§ Requirement
Copy exactly the lines of the data below, beginning with the line with "Artikrill cane è" and ending with the line with "Baskets Nike Air". Pictures are to be omitted.
** Input data follows **
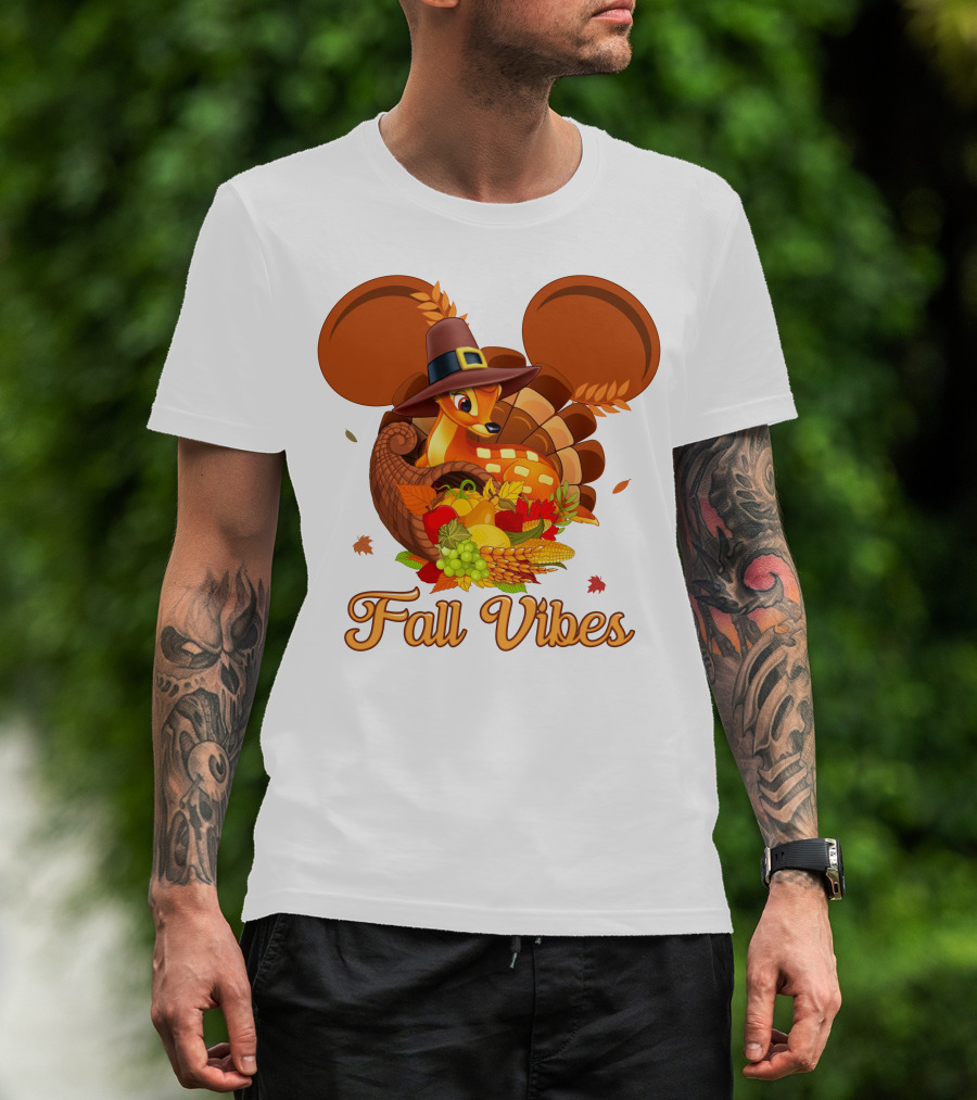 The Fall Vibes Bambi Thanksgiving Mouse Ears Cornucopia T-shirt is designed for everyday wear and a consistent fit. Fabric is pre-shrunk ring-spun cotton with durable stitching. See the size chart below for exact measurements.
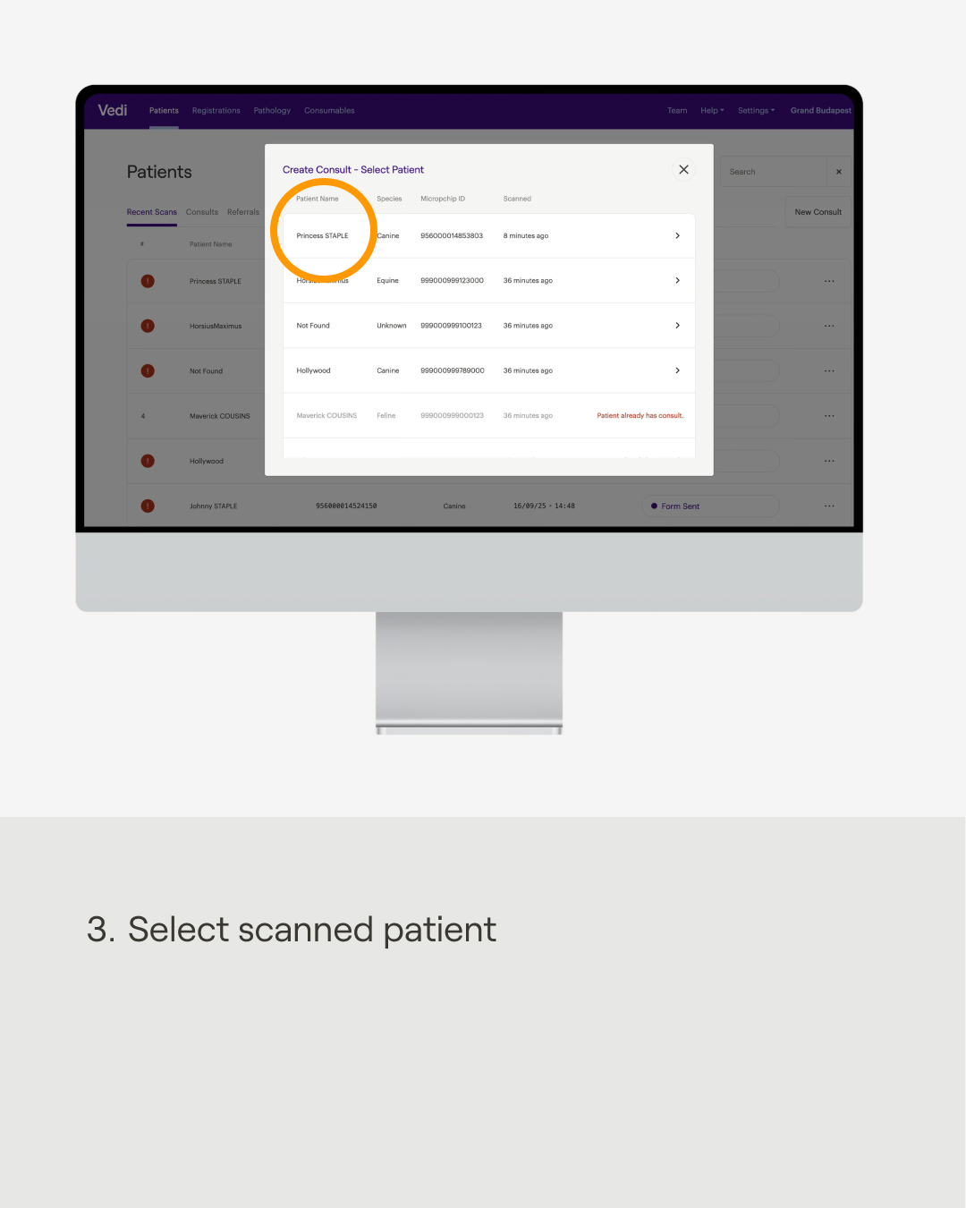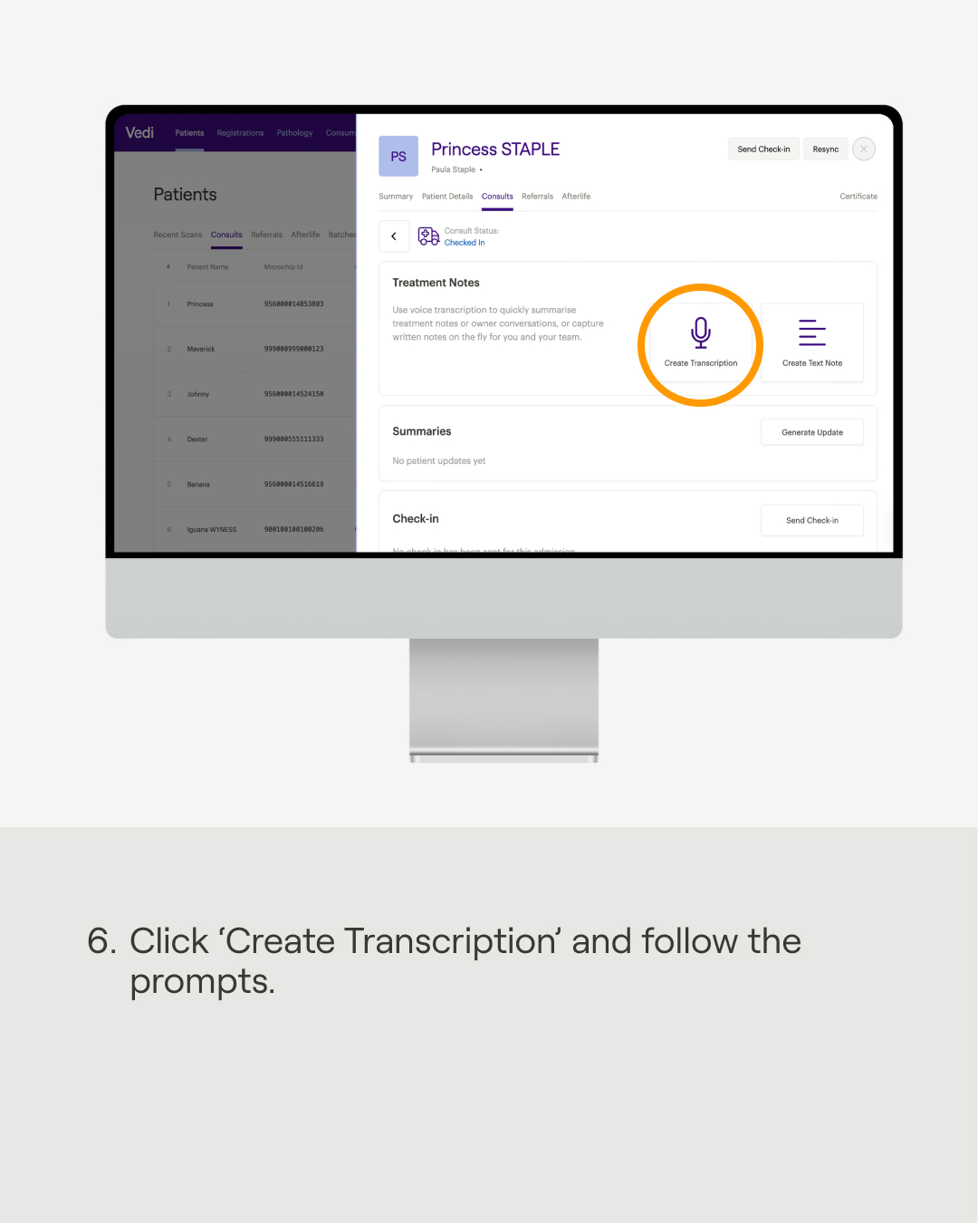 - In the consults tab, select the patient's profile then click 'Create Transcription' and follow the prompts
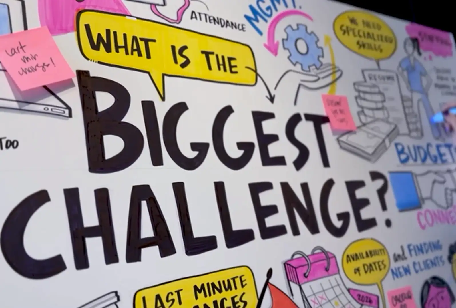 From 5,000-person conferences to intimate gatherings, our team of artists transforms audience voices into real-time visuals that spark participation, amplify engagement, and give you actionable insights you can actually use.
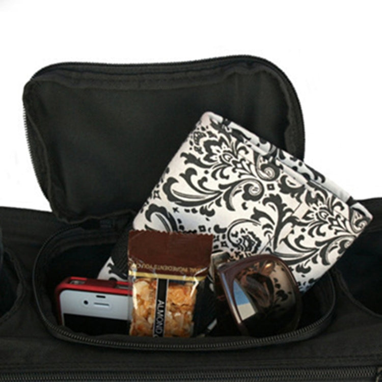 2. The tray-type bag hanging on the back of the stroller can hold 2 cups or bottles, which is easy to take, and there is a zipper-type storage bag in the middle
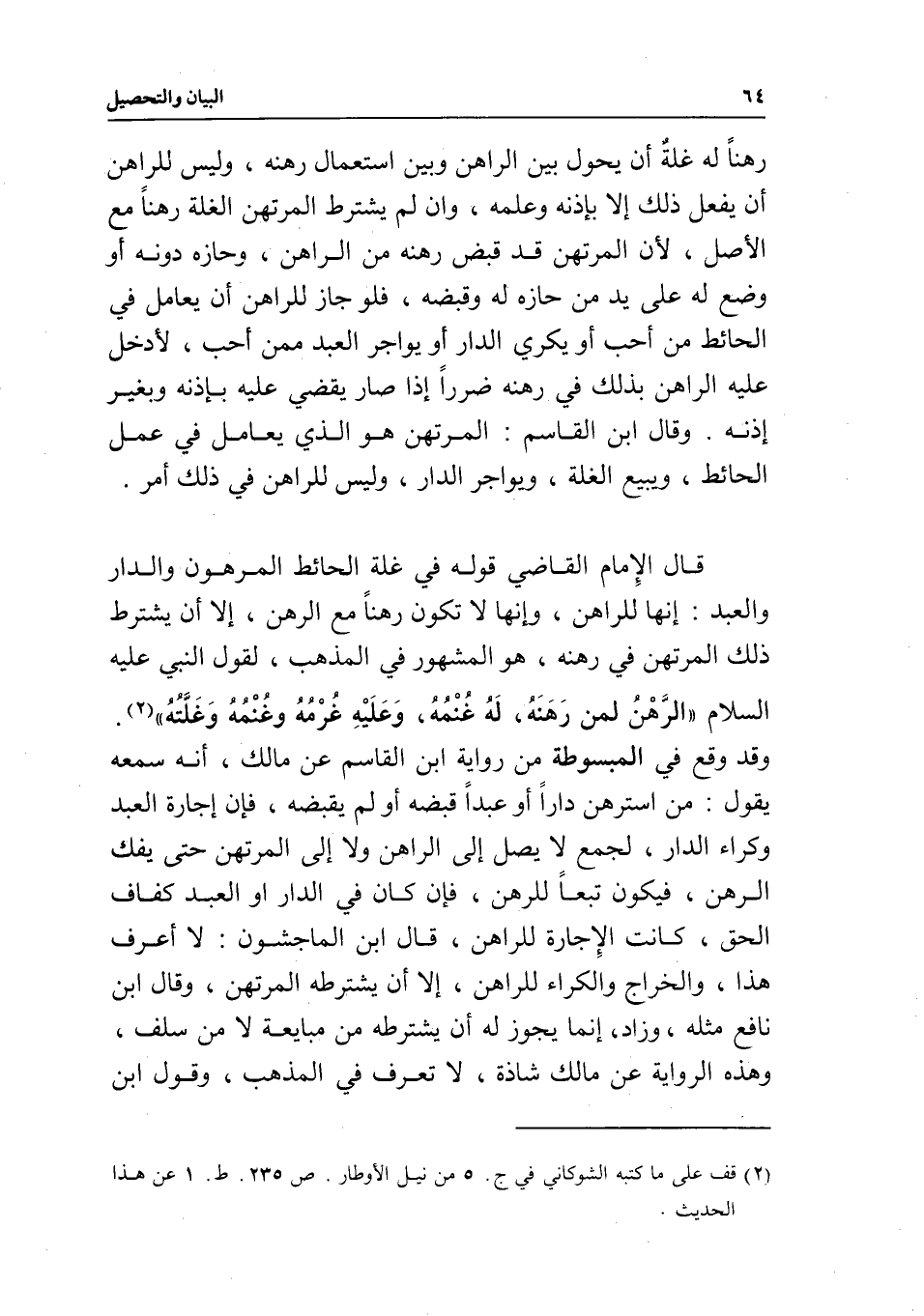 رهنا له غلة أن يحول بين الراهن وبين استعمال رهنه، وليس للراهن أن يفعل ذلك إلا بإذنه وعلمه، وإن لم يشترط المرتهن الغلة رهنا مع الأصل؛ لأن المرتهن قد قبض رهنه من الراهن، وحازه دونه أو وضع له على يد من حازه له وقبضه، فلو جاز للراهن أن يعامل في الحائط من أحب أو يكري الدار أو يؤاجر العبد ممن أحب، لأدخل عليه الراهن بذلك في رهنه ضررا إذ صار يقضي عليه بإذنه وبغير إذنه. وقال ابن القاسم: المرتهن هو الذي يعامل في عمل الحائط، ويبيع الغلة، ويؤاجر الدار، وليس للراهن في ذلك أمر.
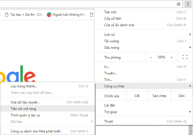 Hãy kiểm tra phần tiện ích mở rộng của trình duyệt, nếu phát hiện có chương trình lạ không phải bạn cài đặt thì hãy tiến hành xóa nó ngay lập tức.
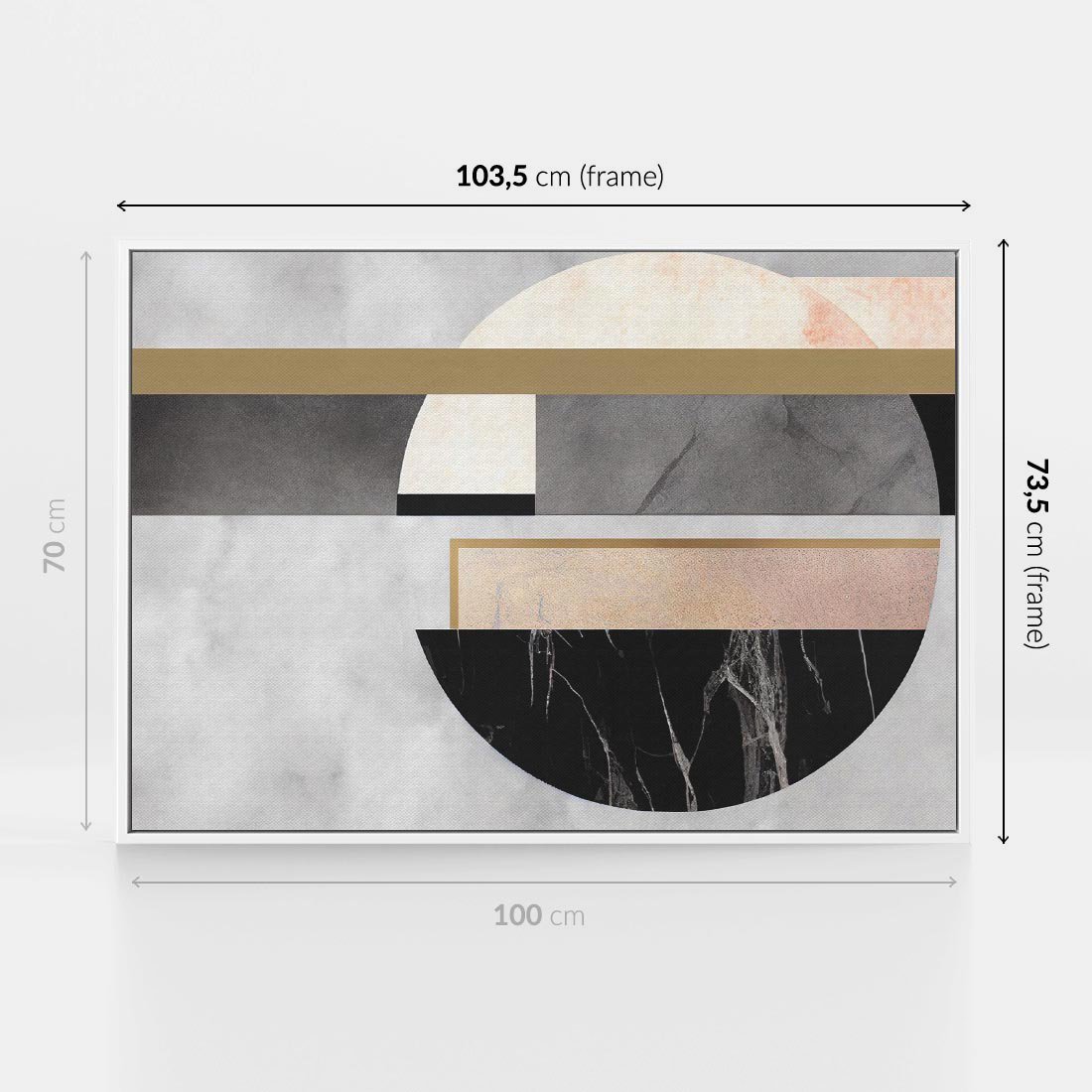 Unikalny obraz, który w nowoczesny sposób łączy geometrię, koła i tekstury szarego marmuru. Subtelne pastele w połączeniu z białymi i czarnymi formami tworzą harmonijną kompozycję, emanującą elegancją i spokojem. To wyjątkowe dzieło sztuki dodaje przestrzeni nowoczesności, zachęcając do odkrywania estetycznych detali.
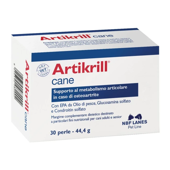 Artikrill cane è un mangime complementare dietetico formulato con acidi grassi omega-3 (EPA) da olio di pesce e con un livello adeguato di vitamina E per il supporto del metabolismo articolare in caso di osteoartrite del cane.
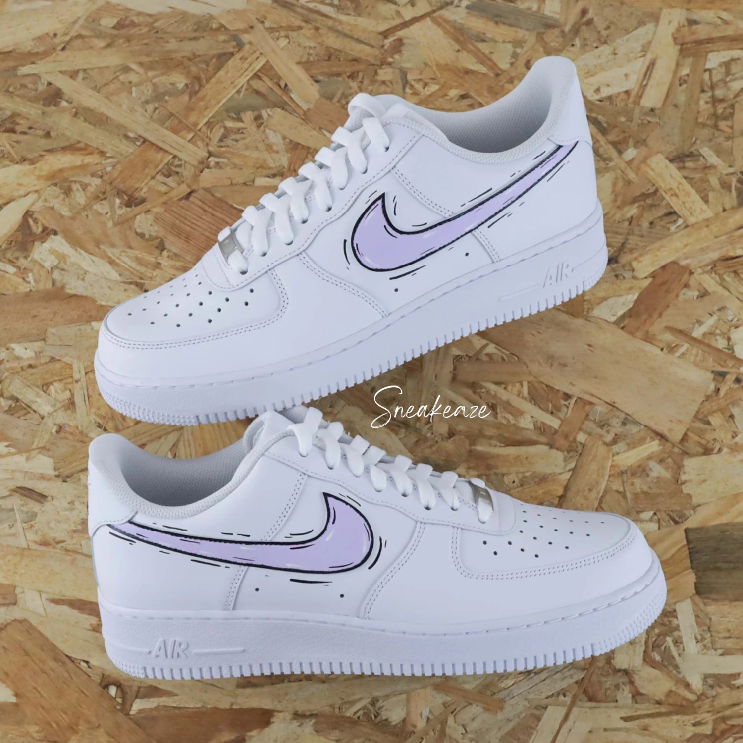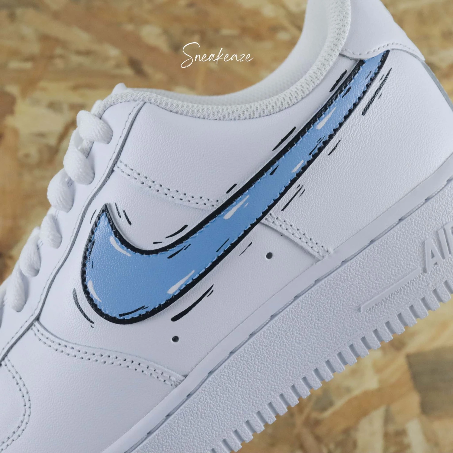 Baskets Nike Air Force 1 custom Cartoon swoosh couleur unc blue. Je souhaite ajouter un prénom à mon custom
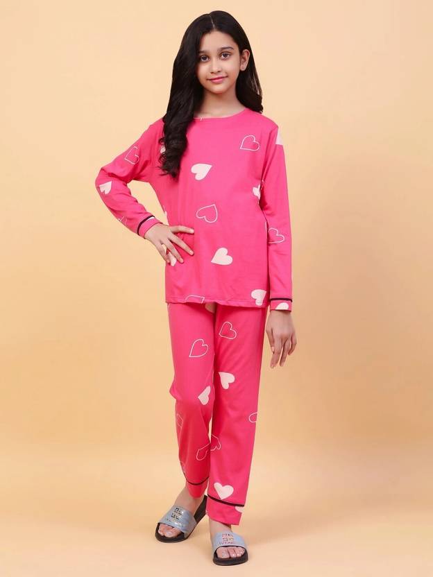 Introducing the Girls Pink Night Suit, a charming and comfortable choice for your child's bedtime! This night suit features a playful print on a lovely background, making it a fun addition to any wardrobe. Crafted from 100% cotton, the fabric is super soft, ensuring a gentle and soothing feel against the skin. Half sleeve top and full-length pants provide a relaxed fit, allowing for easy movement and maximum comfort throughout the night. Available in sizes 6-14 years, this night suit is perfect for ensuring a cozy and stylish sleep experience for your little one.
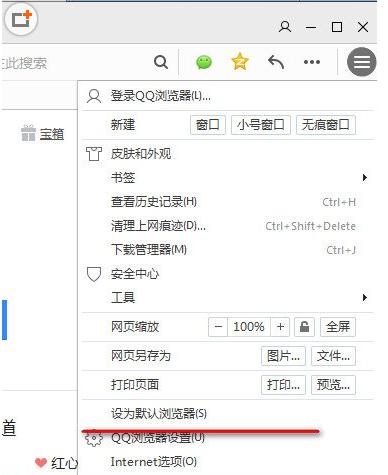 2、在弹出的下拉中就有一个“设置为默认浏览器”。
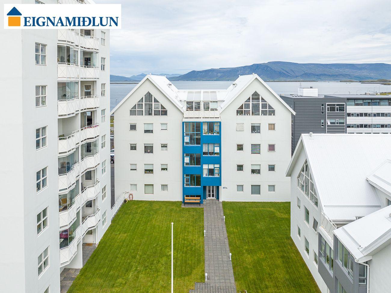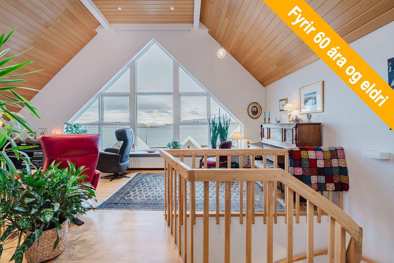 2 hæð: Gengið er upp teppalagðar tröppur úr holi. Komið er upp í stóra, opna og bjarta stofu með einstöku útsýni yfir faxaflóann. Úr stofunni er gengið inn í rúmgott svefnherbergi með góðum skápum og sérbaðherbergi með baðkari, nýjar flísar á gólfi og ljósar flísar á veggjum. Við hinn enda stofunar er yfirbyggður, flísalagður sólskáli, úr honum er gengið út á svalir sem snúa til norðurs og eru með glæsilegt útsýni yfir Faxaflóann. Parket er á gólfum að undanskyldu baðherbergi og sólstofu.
** End of Input data **
§ Expected answer
 Artikrill cane è un mangime complementare dietetico formulato con acidi grassi omega-3 (EPA) da olio di pesce e con un livello adeguato di vitamina E per il supporto del metabolismo articolare in caso di osteoartrite del cane.
 Baskets Nike Air Force 1 custom Cartoon swoosh couleur unc blue. Je souhaite ajouter un prénom à mon custom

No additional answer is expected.